• What needs to be done: Start at the line in the entries below that contains "전남 보성군은 12일", stop at the line that contains "إدارة تشغيلية تشمل", and output exactly the lines in that span, both ends included.

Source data
------------------------------------------------

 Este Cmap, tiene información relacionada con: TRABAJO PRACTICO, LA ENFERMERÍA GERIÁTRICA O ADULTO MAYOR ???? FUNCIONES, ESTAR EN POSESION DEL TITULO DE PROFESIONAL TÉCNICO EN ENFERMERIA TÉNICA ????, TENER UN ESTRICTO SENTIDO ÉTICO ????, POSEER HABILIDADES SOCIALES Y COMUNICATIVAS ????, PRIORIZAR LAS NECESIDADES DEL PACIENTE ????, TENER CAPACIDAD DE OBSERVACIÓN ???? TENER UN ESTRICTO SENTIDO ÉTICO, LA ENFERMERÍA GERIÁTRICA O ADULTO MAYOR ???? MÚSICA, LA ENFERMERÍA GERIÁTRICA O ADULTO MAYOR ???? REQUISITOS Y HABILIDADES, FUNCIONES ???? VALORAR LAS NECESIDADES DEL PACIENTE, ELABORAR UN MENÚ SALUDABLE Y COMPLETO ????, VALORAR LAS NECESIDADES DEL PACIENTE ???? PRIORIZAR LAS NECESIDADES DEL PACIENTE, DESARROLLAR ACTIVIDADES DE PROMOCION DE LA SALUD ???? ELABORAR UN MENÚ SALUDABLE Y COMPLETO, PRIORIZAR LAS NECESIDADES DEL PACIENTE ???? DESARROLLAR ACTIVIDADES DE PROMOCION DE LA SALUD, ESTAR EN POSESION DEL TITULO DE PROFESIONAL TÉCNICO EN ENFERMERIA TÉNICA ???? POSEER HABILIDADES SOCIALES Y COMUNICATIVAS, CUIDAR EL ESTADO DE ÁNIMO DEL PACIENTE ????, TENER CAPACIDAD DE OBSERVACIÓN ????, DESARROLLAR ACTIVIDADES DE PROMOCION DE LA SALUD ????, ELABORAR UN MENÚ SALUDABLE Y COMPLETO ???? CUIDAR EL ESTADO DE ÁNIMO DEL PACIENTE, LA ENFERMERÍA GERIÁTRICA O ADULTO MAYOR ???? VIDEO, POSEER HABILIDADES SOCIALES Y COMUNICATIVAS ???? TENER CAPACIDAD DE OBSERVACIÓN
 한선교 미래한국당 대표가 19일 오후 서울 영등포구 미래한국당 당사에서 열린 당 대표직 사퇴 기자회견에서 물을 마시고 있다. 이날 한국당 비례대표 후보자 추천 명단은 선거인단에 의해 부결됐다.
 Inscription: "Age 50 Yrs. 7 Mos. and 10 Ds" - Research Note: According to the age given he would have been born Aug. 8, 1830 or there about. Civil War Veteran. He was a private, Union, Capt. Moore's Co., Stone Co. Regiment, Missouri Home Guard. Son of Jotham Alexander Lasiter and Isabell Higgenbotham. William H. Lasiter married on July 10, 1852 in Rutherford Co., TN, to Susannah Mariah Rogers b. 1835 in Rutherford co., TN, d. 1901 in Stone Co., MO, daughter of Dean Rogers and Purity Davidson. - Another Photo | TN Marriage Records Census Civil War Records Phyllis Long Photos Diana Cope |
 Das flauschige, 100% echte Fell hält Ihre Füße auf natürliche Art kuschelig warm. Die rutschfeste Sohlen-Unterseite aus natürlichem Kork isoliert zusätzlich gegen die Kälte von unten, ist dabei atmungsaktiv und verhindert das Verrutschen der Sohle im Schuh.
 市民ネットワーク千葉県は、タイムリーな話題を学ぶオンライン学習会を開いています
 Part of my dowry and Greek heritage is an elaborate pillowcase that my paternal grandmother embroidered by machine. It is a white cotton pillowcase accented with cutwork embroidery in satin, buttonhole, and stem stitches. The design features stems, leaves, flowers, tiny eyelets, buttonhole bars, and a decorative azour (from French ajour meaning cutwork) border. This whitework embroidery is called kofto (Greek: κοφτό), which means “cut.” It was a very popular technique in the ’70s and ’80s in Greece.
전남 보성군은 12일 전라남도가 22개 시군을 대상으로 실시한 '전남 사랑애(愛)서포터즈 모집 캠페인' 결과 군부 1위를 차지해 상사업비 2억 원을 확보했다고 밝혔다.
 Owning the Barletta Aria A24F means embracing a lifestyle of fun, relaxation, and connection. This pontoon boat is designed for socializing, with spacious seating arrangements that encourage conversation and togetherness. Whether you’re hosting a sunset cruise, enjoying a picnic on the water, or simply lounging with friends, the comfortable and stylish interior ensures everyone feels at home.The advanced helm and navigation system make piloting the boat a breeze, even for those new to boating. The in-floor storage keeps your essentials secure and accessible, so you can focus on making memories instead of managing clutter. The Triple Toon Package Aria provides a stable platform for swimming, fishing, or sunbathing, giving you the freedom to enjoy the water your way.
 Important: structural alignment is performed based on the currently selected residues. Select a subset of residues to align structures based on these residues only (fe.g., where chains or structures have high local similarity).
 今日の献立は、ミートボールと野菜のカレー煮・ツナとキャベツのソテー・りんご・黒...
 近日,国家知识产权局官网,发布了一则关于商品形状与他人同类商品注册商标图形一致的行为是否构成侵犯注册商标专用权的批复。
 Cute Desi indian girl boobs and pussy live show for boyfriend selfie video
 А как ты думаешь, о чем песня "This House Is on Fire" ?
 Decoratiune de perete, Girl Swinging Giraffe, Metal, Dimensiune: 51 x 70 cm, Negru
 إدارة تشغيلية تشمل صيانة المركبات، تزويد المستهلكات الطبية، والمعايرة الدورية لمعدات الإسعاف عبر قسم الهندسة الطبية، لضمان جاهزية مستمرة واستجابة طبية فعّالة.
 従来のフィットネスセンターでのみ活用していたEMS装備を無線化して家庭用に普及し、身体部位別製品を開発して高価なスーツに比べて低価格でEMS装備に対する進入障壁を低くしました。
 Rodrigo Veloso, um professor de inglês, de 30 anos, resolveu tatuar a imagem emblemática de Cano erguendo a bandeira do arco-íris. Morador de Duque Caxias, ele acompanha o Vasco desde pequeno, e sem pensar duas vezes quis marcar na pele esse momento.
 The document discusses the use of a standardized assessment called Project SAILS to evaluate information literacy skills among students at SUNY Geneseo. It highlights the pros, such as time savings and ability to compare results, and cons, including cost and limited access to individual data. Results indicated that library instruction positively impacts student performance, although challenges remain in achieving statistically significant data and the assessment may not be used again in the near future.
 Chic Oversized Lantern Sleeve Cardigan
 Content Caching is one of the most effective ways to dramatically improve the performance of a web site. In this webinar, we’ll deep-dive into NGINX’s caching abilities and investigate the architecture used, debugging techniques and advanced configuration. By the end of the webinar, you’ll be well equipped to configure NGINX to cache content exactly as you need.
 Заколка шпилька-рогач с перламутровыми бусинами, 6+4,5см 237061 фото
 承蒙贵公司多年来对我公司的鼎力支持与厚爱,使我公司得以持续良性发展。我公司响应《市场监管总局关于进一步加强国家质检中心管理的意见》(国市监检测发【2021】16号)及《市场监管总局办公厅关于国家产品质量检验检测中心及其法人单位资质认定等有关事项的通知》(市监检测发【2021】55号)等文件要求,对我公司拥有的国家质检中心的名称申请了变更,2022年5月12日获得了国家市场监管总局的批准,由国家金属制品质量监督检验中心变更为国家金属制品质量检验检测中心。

------------------------------------------------

• Problem solution:
전남 보성군은 12일 전라남도가 22개 시군을 대상으로 실시한 '전남 사랑애(愛)서포터즈 모집 캠페인' 결과 군부 1위를 차지해 상사업비 2억 원을 확보했다고 밝혔다.
 Owning the Barletta Aria A24F means embracing a lifestyle of fun, relaxation, and connection. This pontoon boat is designed for socializing, with spacious seating arrangements that encourage conversation and togetherness. Whether you’re hosting a sunset cruise, enjoying a picnic on the water, or simply lounging with friends, the comfortable and stylish interior ensures everyone feels at home.The advanced helm and navigation system make piloting the boat a breeze, even for those new to boating. The in-floor storage keeps your essentials secure and accessible, so you can focus on making memories instead of managing clutter. The Triple Toon Package Aria provides a stable platform for swimming, fishing, or sunbathing, giving you the freedom to enjoy the water your way.
 Important: structural alignment is performed based on the currently selected residues. Select a subset of residues to align structures based on these residues only (fe.g., where chains or structures have high local similarity).
 今日の献立は、ミートボールと野菜のカレー煮・ツナとキャベツのソテー・りんご・黒...
 近日,国家知识产权局官网,发布了一则关于商品形状与他人同类商品注册商标图形一致的行为是否构成侵犯注册商标专用权的批复。
 Cute Desi indian girl boobs and pussy live show for boyfriend selfie video
 А как ты думаешь, о чем песня "This House Is on Fire" ?
 Decoratiune de perete, Girl Swinging Giraffe, Metal, Dimensiune: 51 x 70 cm, Negru
 إدارة تشغيلية تشمل صيانة المركبات، تزويد المستهلكات الطبية، والمعايرة الدورية لمعدات الإسعاف عبر قسم الهندسة الطبية، لضمان جاهزية مستمرة واستجابة طبية فعّالة.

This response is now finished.